En fin de volume, une histoire courte sans aucun rapport avec « Le Chant d’Apollon » est insérée. Récit dans la mouvance de l’époque, la fin des années 60. Sur fond de contestation, un groupe de jeunes défendent leurs idées pacifiquement. Guitare à la main ils chantent leurs mal-être. C’est court, peut-être trop court pour apprécier les différents protagonistes et prendre cause pour leur combat. Néanmoins, cette histoire pleine de fraîcheur tombe à pic, mais la fin, également tragique, nous rappelle que Tezuka a réellement fait plein d’autres choses depuis « Astro ».
Un manga destiné avant tout aux adolescents puisqu’il se pose les mêmes questions qu’eux. Pourquoi la vie ? Comment la perpétuer ? Quels en sont les enjeux ? Ce livre n’y répond pas, mais, au final, offre une certitude sur le besoin de procréer : « Tant que le monde sera monde, l’homme et la femme répéteront inlassablement ce drame infini de la vie… »
Gwenaël JACQUET
« Le Chant d’Apollon » par Osamu Tezuka
Édition Kana (15 €) – ISBN : 9782505011613
APPOLO NO UTA© 1970 Osamu Tezuka
Très belle chronique pour une oeuvre majeure de Tezuka !

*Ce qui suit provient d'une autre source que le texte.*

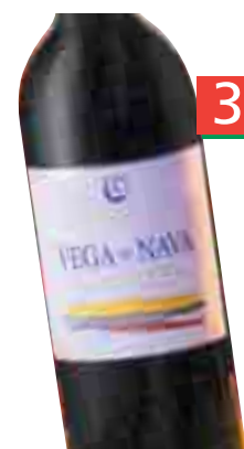
VEGA DE NAVA Crianza 2003 D.O. Ribera del Duero (Unid. 5,69€) 75 cl. (L. 5,05€)

Si llevas 3, la unid. te sale a: 3,23€ = 537 Ptas.
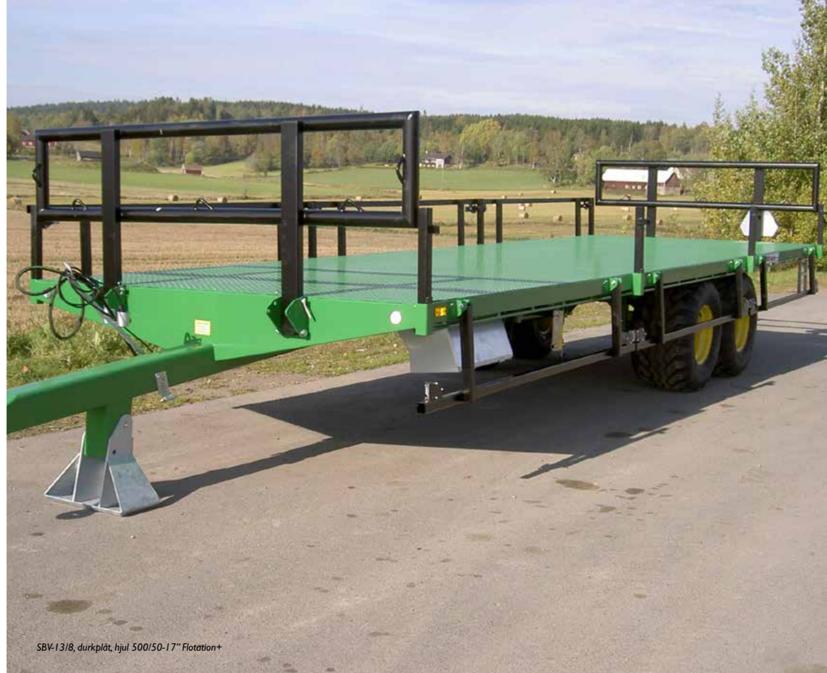
SBV-13/8, durkplåt, hjul 500/50-17" Flotation+

Petite question anecdotique : pourquoi les pages de la galerie d’images montrent une encre bleutée, alors que c’est bien une encre noire dans le manga ?
Merci pour les compliments.
Cette chronique, comme beaucoup de chroniques manga anciennes sur BDzoom.com ont des images virées au bleu censé rappeler la charte graphique du site. Ce procédé déstabilisant les lecteurs et déplaisant aux Japonais a été depuis abandonné.